*** Begin section ***

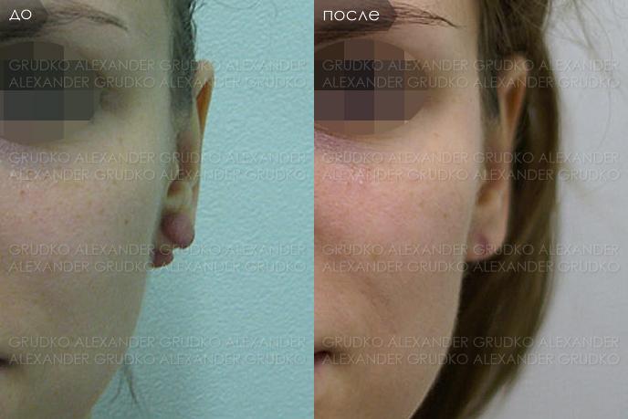 Фотография до и 3 месяца после лазерного удаления келоидного рубца на мочке уха.
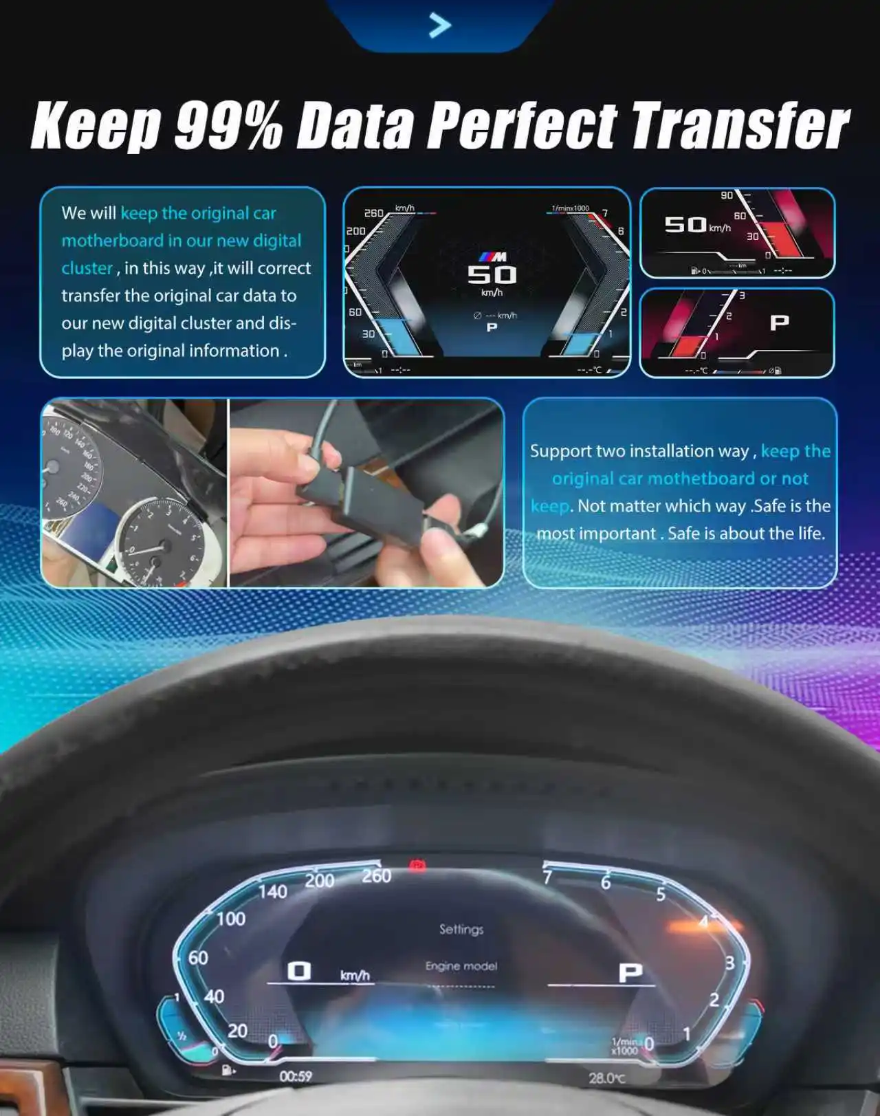 2. we keep the original car motherboard ,mean keep the head , we do transfer original car information and display in the new digital cluster , all is ISO cable . plug in and play .
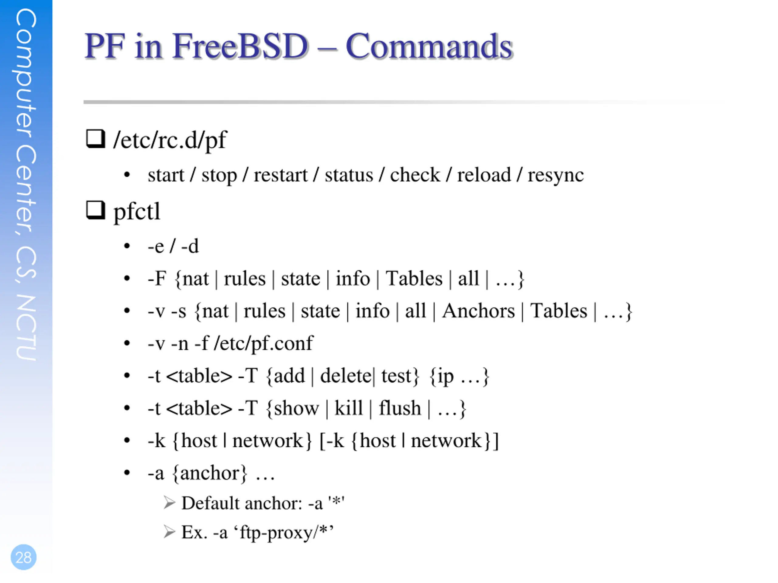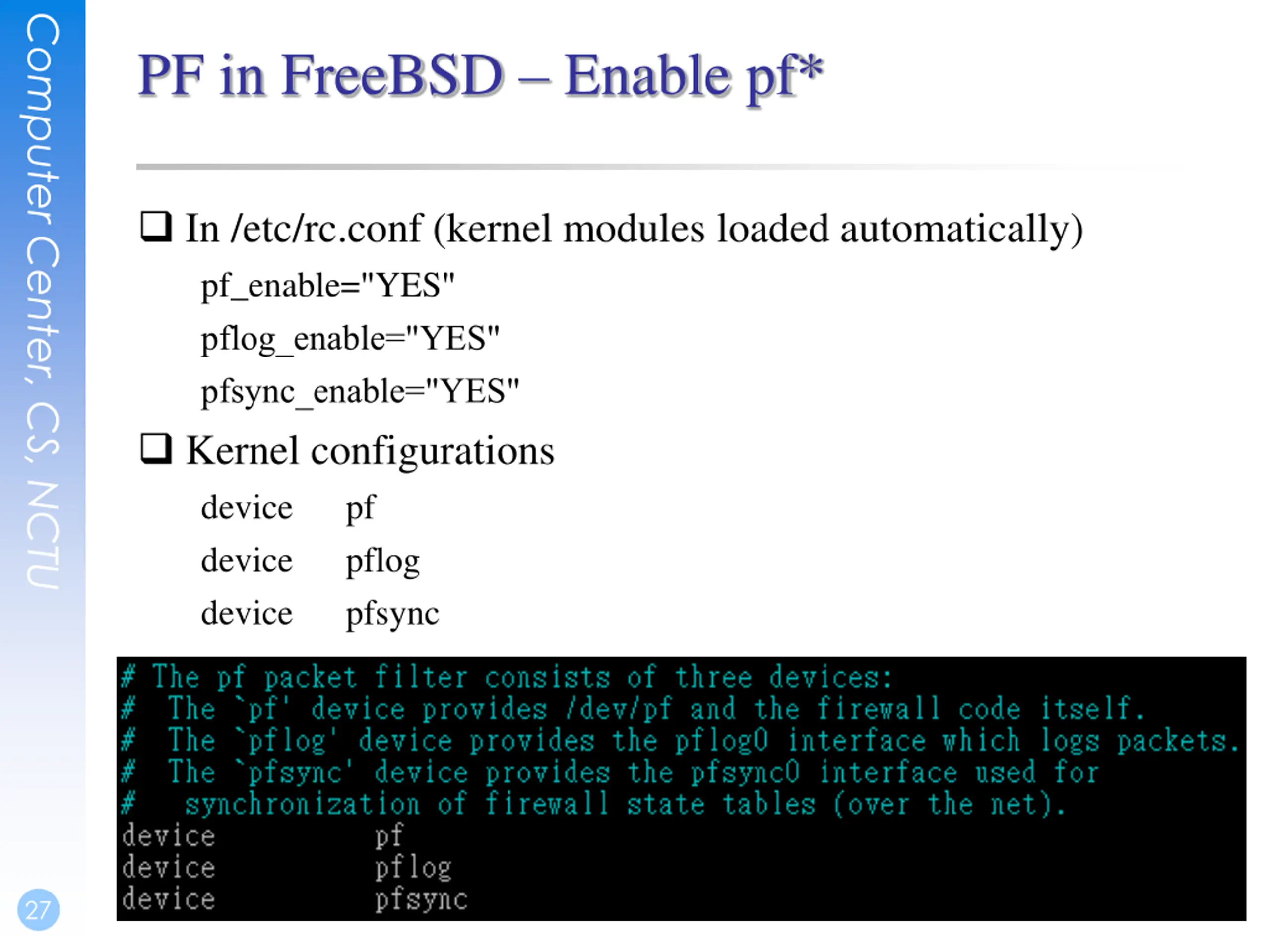 Computer Center, CS, NCTU PF in FreeBSD Enable pf* In /etc/rc.conf (kernel modules loaded automatically) pf_enable="YES" pflog_enable="YES" pfsync_enable="YES" Kernel configurations device pf device pflog device pfsync 27
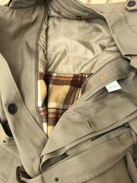メンズ 日本製 ライナー付き 比翼ボタン ステンカラーコート ベルト付き 100-6 カーキ です。
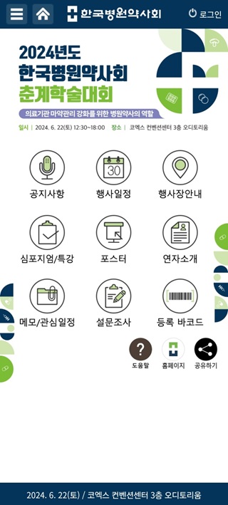 Aplikacja mobilna, która umożliwia wygodne sprawdzanie harmonogramu wydarzeń wiosennej konferencji Koreańskiego Towarzystwa Farmaceutów Szpitalnych (KSHP) 2024 oraz materiałów prezentacyjnych, takich jak sympozja/artykuły badawcze/przemówienia/plakaty
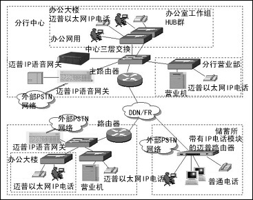 分行中心與下面的支行以及各儲蓄網(wǎng)點根據(jù)業(yè)務應用需求出發(fā),可以利用邁普各系列路由器產(chǎn)品,通過DDN或者幀中繼把分行辦公大樓和營業(yè)部、支行辦公大樓和營業(yè)部、分行和支行下屬儲蓄所連起來。對于分行中心以及下面的支行,由于網(wǎng)絡結(jié)構(gòu)比較復雜,再加上網(wǎng)絡基礎設施建設已經(jīng)很完善,一般可以采用邁普IP語音網(wǎng)關,通過它與原有的外部PSTN網(wǎng)絡相連。而對于一些較小的儲蓄網(wǎng)點,則可以通過采用帶有IP電話模塊的邁普路由器。邁普路由器的IP電話模塊可與電話機或交換機相連,能夠支持G.711、G.723、G.729等多種語音壓縮算法,并且還支持H.323協(xié)議,實現(xiàn)IP電話功能。

*** End section ***

Your instructions:
Set down the material again exactly. Don't carry over any pictures.

Written response:
 Фотография до и 3 месяца после лазерного удаления келоидного рубца на мочке уха.
 2. we keep the original car motherboard ,mean keep the head , we do transfer original car information and display in the new digital cluster , all is ISO cable . plug in and play .
 Computer Center, CS, NCTU PF in FreeBSD Enable pf* In /etc/rc.conf (kernel modules loaded automatically) pf_enable="YES" pflog_enable="YES" pfsync_enable="YES" Kernel configurations device pf device pflog device pfsync 27
メンズ 日本製 ライナー付き 比翼ボタン ステンカラーコート ベルト付き 100-6 カーキ です。
 Aplikacja mobilna, która umożliwia wygodne sprawdzanie harmonogramu wydarzeń wiosennej konferencji Koreańskiego Towarzystwa Farmaceutów Szpitalnych (KSHP) 2024 oraz materiałów prezentacyjnych, takich jak sympozja/artykuły badawcze/przemówienia/plakaty
 分行中心與下面的支行以及各儲蓄網(wǎng)點根據(jù)業(yè)務應用需求出發(fā),可以利用邁普各系列路由器產(chǎn)品,通過DDN或者幀中繼把分行辦公大樓和營業(yè)部、支行辦公大樓和營業(yè)部、分行和支行下屬儲蓄所連起來。對于分行中心以及下面的支行,由于網(wǎng)絡結(jié)構(gòu)比較復雜,再加上網(wǎng)絡基礎設施建設已經(jīng)很完善,一般可以采用邁普IP語音網(wǎng)關,通過它與原有的外部PSTN網(wǎng)絡相連。而對于一些較小的儲蓄網(wǎng)點,則可以通過采用帶有IP電話模塊的邁普路由器。邁普路由器的IP電話模塊可與電話機或交換機相連,能夠支持G.711、G.723、G.729等多種語音壓縮算法,并且還支持H.323協(xié)議,實現(xiàn)IP電話功能。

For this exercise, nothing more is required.